Abstract

SUMMARY In most directions of propagation in anisotropic solids, seismic shear waves split in regular and predictable ways that, in principle, can be directly related to the degree of anisotropy and the anisotropic symmetry of the rockmass. In all anisotropic solids, however, there are directions of propagation, known as shear-wave singularities, where the split shear-waves have the same phase-velocities. For directions of propagation near the commonest type of singularity, the point singularity, the relationship between the phase and group-velocities may undergo rapid variations for small changes in direction. This results in shear-waves along rays (propagating at the grozq-velocity) behaving anomalously, with irregular polarizations and amplitude changes as if they were propagating near cusps, although the degree of anisotropy may be too small to cause conventional cusps on the group-velocity wave surfaces.

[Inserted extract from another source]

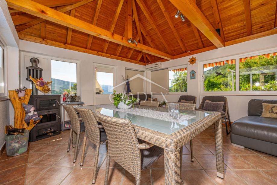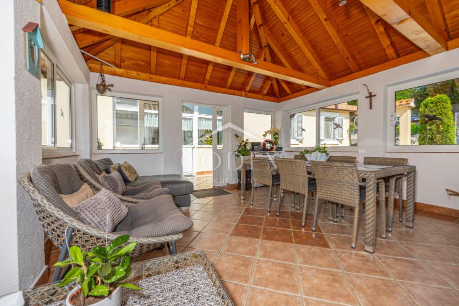 Kuća je klimatizirana, opremljena centralnim grijanjem na plin te pokrivena alarmnim sustavom. Uz samu kuću nalazi se klimatizirana i grijana sjenica – potpuno ostakljena prostorija s peći na drva, idealna za okupljanja uz panoramski pogled.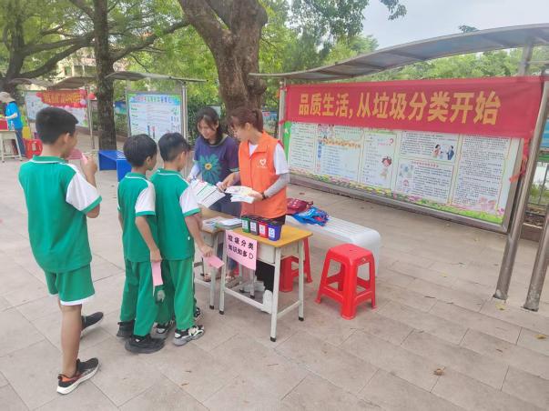 在活動(dòng)中,工作人員利用宣傳小冊(cè)子,詳細(xì)講解垃圾的四種分類(可回收物、有害垃圾、廚余垃圾、其他垃圾)以及常見垃圾的分類歸屬,如紙張、塑料瓶屬于可回收物;電池、過期藥品屬于有害垃圾;剩菜剩飯、果皮果核屬于廚余垃圾;陶瓷碎片、用過的紙巾屬于其他垃圾等。通過舉例和互動(dòng)問答的方式,加深小學(xué)生對(duì)垃圾分類知識(shí)的理解。

The effects of propagation near such point singularities have been identified in sedimentary basins where they are features of the well-established phenomenon of azimuthal isotropy (transverse isotropy with a vertical axis of symmetry) caused by horizontal lithology, or by fine layering (PTL anisotropy), combining with the more recently recognized azimuthal anisotropy, caused by distributions of near-parallel near-vertical fluid-filled inclusions (EDA anisotropy). This paper demonstrates these irregular effects by calculating synthetic shear waves in directions near a point singularity in a material simulating a possible sedimentary basin. Such anomalies may be important in exploration seismology as point singularities can occur along nearly vertical ray paths in sedimentary basins. If not identified correctly, the effects of such point singularities could be mistakenly attributed to structural irregularities, and if correctly identified, the directions of such singularities can place tight constraints on possible combinations of PTL and EDA anisotropy in sedimentary basins.